An analysis of housing affordability shows rising costs in America's smaller cities.
The effects of the pandemic continue to roil the housing market, writes Justin Fox for Bloomberg, as expensive "superstar" cities lose some of their attractions and remote work makes it "easier to disconnect superstar-city jobs from superstar-city real estate prices."
To understand "the strains that the great pandemic migration may be putting on typical workers’ housing budgets in some of the places where people have been moving," Fox "compared the Bureau of Labor Statistics’ most recent estimates of median wages by metropolitan area (from May 2020) to Apartment List’s April 2021 metro-area rent estimates" to gauge housing affordability.
"By this measure, Orlando is less affordable than San Francisco, and Austin and Las Vegas less affordable than San Jose. They’re not more expensive in absolute terms, of course; someone moving from San Francisco or San Jose would still find all those places to be pretty cheap, especially if they were able to keep working at San Francisco or San Jose wages.
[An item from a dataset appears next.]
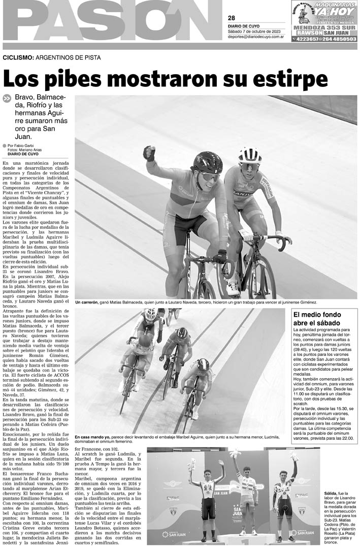 Diario de Cuyo | HOME | Noticias Tapa Pasión 7 de Octubre de 2023 Por Redacción Diario de Cuyo 06/10/2023 · 0:00 Escuchar la noticia Escuchar la noticia Your browser doesn’t support HTML5 audio Ver los comentarios ›

But most people in Orlando and Austin and Las Vegas don’t have that option."
"Since the 1960s, the East and West Coasts (California in particular) have also experienced what economists Chang-Tai Hsieh of the University of Chicago and Enrico Moretti of the University California at Berkeley term a 'property rights revolution' of anti-development activism and regulation that’s made it even harder to build enough new housing to satisfy demand." The same NIMBY impulses have surfaced in "smaller, even more scenic metro and micro areas such as Boulder, Colorado; Bozeman, Montana; and Bend, Oregon," says Fox. In these towns, "the combination of mountains, rising opposition to development and high demand have driven home-purchase prices up to or past the levels of metro Boston and New York."
Fox's findings show that the most affordable cities are in the South and Midwest and include "iconic cities that fell on hard times but have been making a comeback" like Detroit and "places [that] are already magnets for skilled younger workers" like Pittsburgh and Indianapolis.